Raw data.
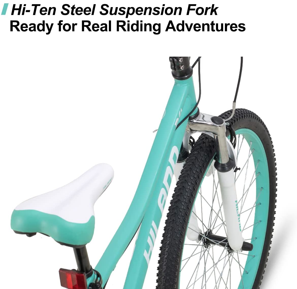 Hiland 24 inch Mountain Bike Shimano 7 Speeds for Teenager with Suspension Fork. Mint Green
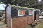 Баня изготавливается из бочковой термодоски — материала, устойчивого к перепадам температур и влаге. Она остаётся лёгкой по конструкции, но при этом рассчитана на круглогодичное использование.
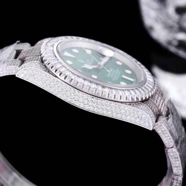 The bezel, case, and bracelet are densely inlaid with the top Swarovski diamonds
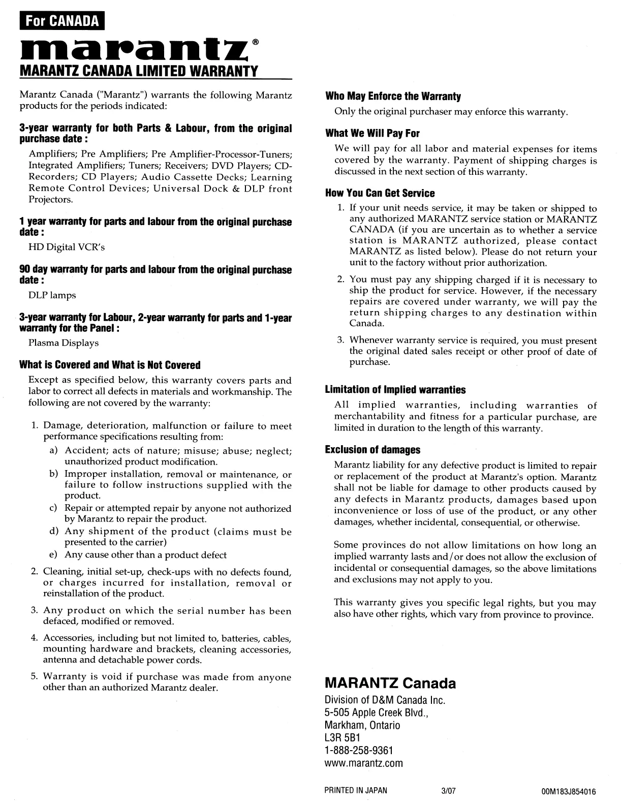 Marantz SA8003 - CANADA LIMITED WARRANTY; WHAT IS COVERED AND NOT COVERED (Canada); HOW TO GET SERVICE (Canada)

Exercise. Reproduce each line above exactly, but not a single picture.

Solution to the problem.
 Hiland 24 inch Mountain Bike Shimano 7 Speeds for Teenager with Suspension Fork. Mint Green
 Баня изготавливается из бочковой термодоски — материала, устойчивого к перепадам температур и влаге. Она остаётся лёгкой по конструкции, но при этом рассчитана на круглогодичное использование.
 The bezel, case, and bracelet are densely inlaid with the top Swarovski diamonds
 Marantz SA8003 - CANADA LIMITED WARRANTY; WHAT IS COVERED AND NOT COVERED (Canada); HOW TO GET SERVICE (Canada)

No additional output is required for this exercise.